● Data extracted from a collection
Content starts
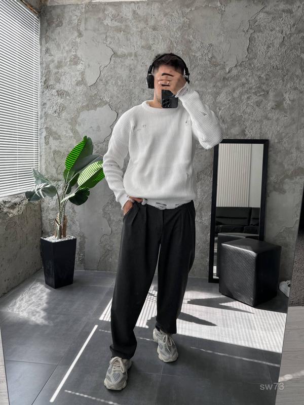 Стильний чоловічий светр на зиму-осінь у білому кольорі якісного матеріалу
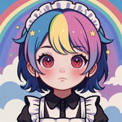 1girl, solo, maid headdress, plaid, cloud, (Rainbow hair: 1.2) Red eyes
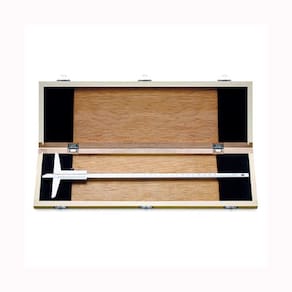 Paquímetro de Profundidade 0-150mm. Graduação Sup/Inf: 0,05. Exatidão (mm): 0,05. Fabricado em: Aço Inox. Acompanha: Estojo de madeira para acomodação e transporte.
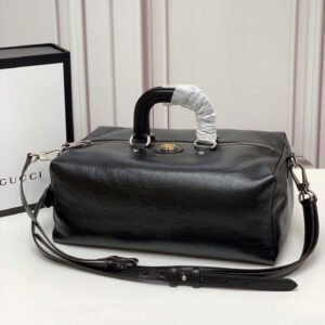 Premium Vintage Finish Crafted from exceptionally soft, textured cowhide leather, the bag offers a luxurious feel. The black leather undergoes a specialized treatment process to achieve a slightly rubbed, distressed finish, giving the glossy exterior a beautifully authentic vintage appearance. The design is elegantly anchored by a subtle, two-tone Interlocking G hardware detail on the front.
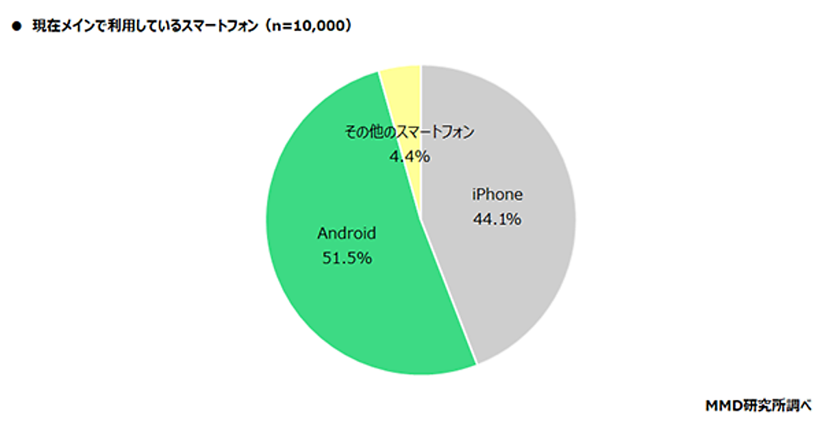 スマホのOS利用率、iPhone 44.1%、Android 51.5% 世代別で異なる利用率【MMD研究所調べ】
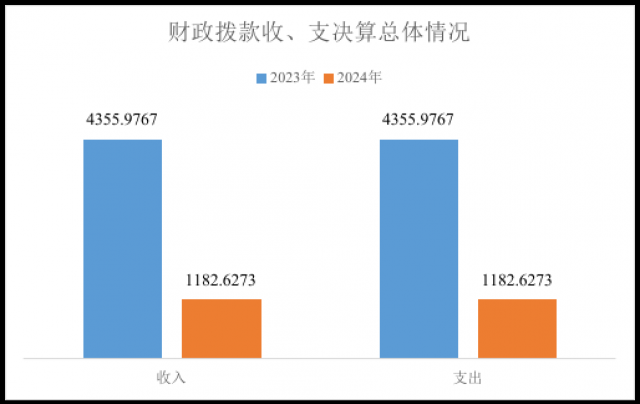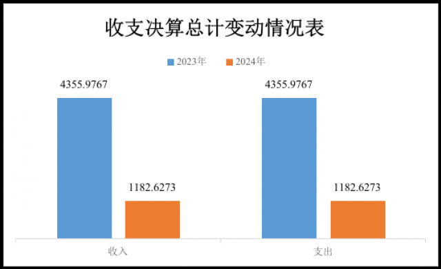 2024年度财政拨款收入、支出总计均为1182.6273万元。与2023年度相比,财政拨款收入总计、支出总计各减少3173.3494万元,下降72.85%。主要变动原因是项目支出减少。
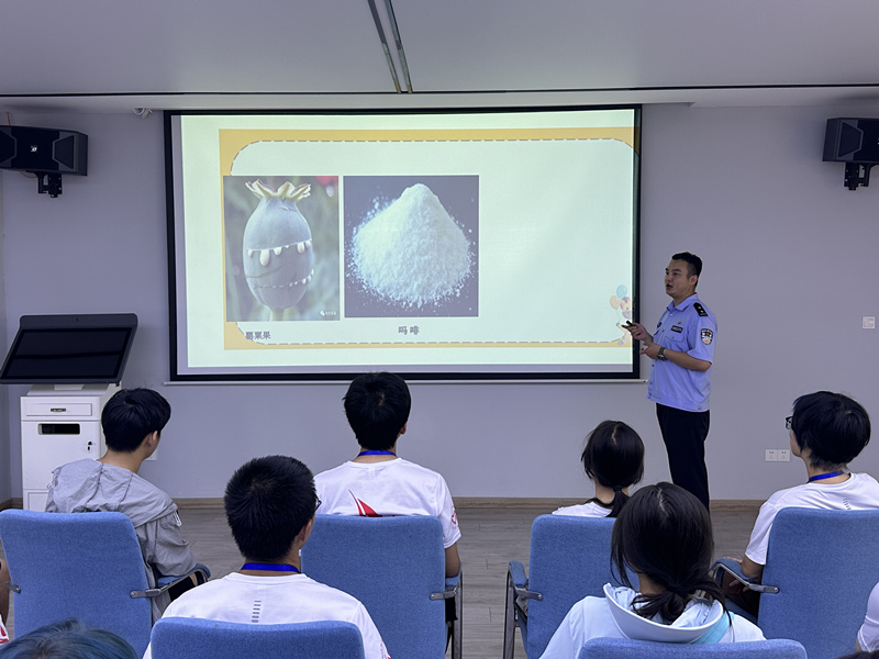 宣讲民警围绕“防范涉麻精药品等成瘾性物质滥用”主题,从毒品的定义分类、常见种类、作用特性,以及极具诱惑欺骗的伪装毒品进行了深入的讲解,并以“视频展映+数据呈现”的形式,直观展示毒品的现实危害性,涉毒违法犯罪的种类以及相应的法律后果。
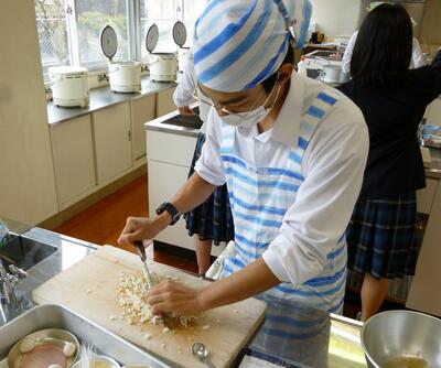 園芸科学科、造園科、ビジネスマネジメント科3年生では、「家庭総合」の授業で調理実習を行い、「包子饅頭」と「清川鶉蛋」を作りました。
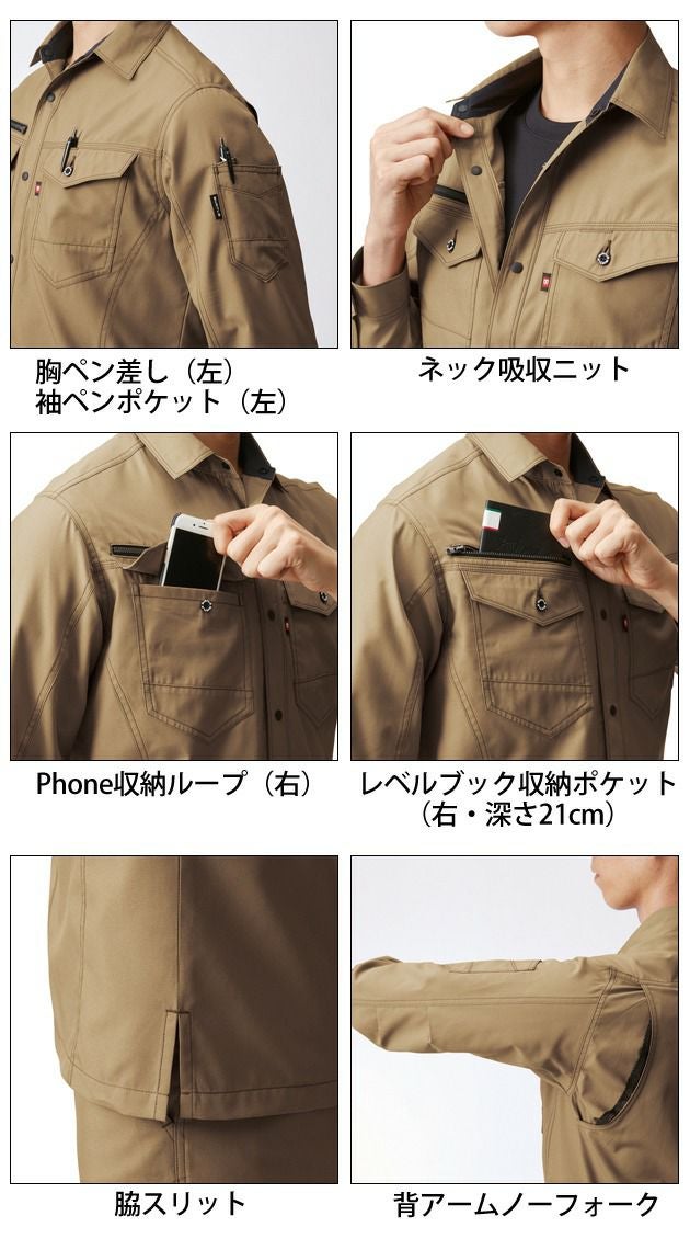 | 特徴 | 伸縮性に優れたスーパーストレッチ素材を使用! 優れた通気性・吸汗性で汗のべたつきを解消するエアリ―クロス素材! ■男女ユニセックス対応 ■製品制電JIS T8118適合品 ■背アームノーフォークメッシュ ■レベルブック収納ポケット(右:深さ約21cm) ■ネック吸収ネット ■袖ダブルペンポケット(左) ■胸ペン差し(左) ■袖アームタック ■Phone収納ループ(右) ■脇スリット ■SS・Sサイズレディース対応シルエット |
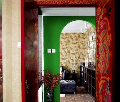 概要: 想要家具有視覺沖擊力,又不想使用慣常的單色重涂,不如就來個(gè)徹底的沖撞——紅與綠,大俗的色彩,卻又是最民族的色彩,包含了太多的色彩語匯與寓意,沒有比它們更適合的色彩了。一路傾瀉下來,處處濃墨重彩。門廊、客廳、臥室,甚至連衛(wèi)生間都不放過,紅色依綠色而明媚,綠色依紅色而濃郁,到處閃亮青春的熾熱與無忌。
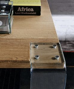 Прямоугольный обеденный стол со стеклянными ножками. Возможны другие варианты отделки.
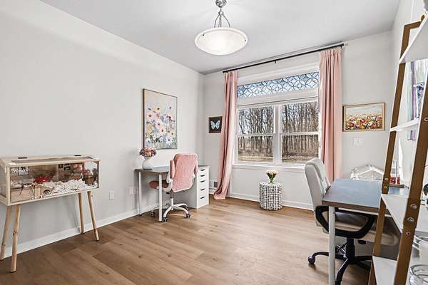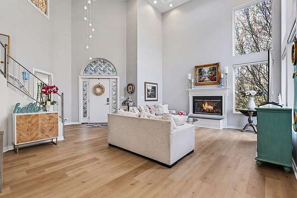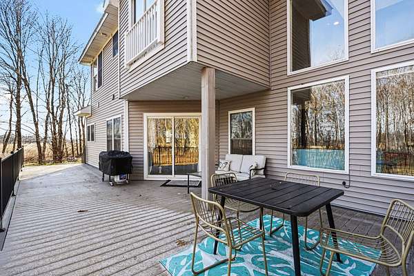 Located on over 8 wooded acres in the Gull Lake School District, this stunning home is accessed by a long, winding driveway offering privacy and scenic surroundings. The home features 5 bedrooms and 3.5 baths, with a main-level bedroom currently used as an office.The entry welcomes you with soaring ceilings and large windows that fill the home with natural light. The living room includes a wood-burning fireplace and opens to the dining area with a slider to a low-maintenance deck overlooking the wooded backyard. The updated kitchen features granite countertops, new stainless steel appliances, a pot filler, updated fixtures, and a reverse osmosis system, along with luxury vinyl plank flooring throughout the main and upper levels. The owner's suite offers a two-way fireplace shared with the jetted tub, a large tiled shower, and a walk-in closet. The finished walk-out lower level includes a rec room, bedroom, full bath, and sliders leading to the backyard.
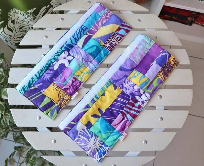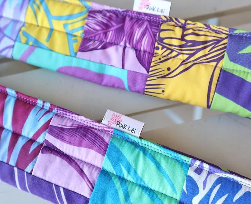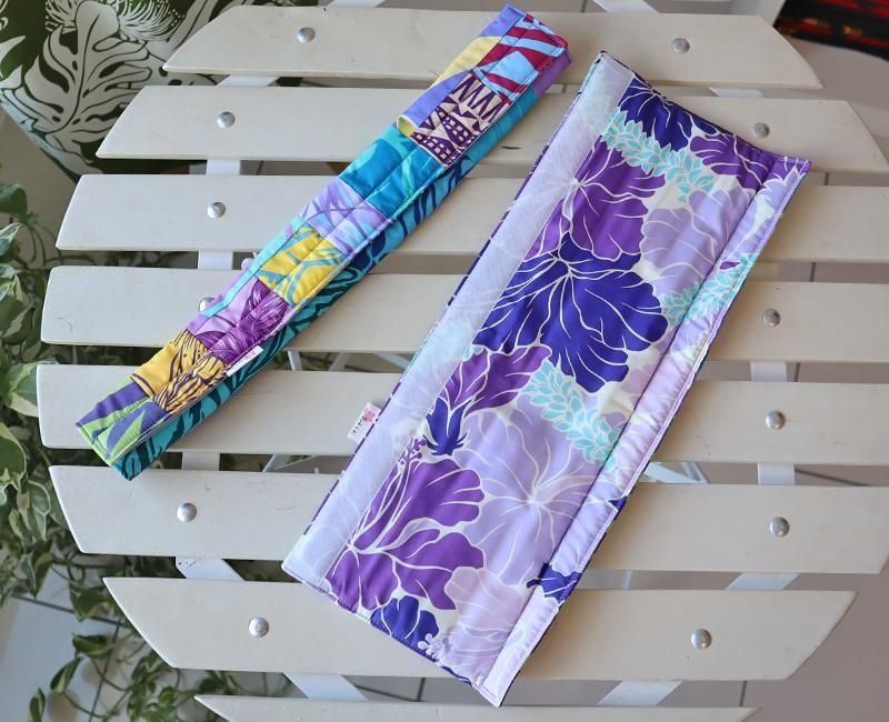 TOP > ハワイアンパッチ > 〜Pink Lei オリジナル〜 ハワイアンパッチ・シートベルトカバー パープル&イエロー&ブルー【1点もの】
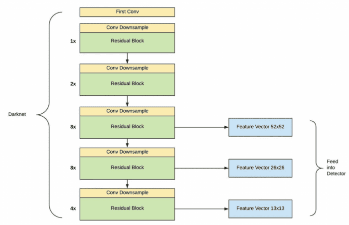 The Darknet-53 architecture was trained on the image classification task with the ImageNet dataset in the pretraining step. The architecture is simple and self-explanatory, but let’s look at some of the main components. After every convolutional layer, a residual group (shown with a rectangle) has varying residual blocks such as 1x, 2x, 4x, and 8x. To downsample the spatial dimension of the feature maps, strided convolution with a stride of 2 is used before every residual group. This helped prevent the loss of low-level features and encode positional information useful for object detection; moreover, since strided convolution has parameters, the downsampling would not be entirely non-parametric as max-pooling. It improved the ability to detect smaller objects.
Content ends
● Goal of the exercise
Write out, word for word, the lines from the first line of the entries through the one containing "スマホのOS利用率、iPhone 44.1%、Android 51.5%", both included. Leave out the pictures.

● Answer area
 Стильний чоловічий светр на зиму-осінь у білому кольорі якісного матеріалу
 1girl, solo, maid headdress, plaid, cloud, (Rainbow hair: 1.2) Red eyes
 Paquímetro de Profundidade 0-150mm. Graduação Sup/Inf: 0,05. Exatidão (mm): 0,05. Fabricado em: Aço Inox. Acompanha: Estojo de madeira para acomodação e transporte.
 Premium Vintage Finish Crafted from exceptionally soft, textured cowhide leather, the bag offers a luxurious feel. The black leather undergoes a specialized treatment process to achieve a slightly rubbed, distressed finish, giving the glossy exterior a beautifully authentic vintage appearance. The design is elegantly anchored by a subtle, two-tone Interlocking G hardware detail on the front.
 スマホのOS利用率、iPhone 44.1%、Android 51.5% 世代別で異なる利用率【MMD研究所調べ】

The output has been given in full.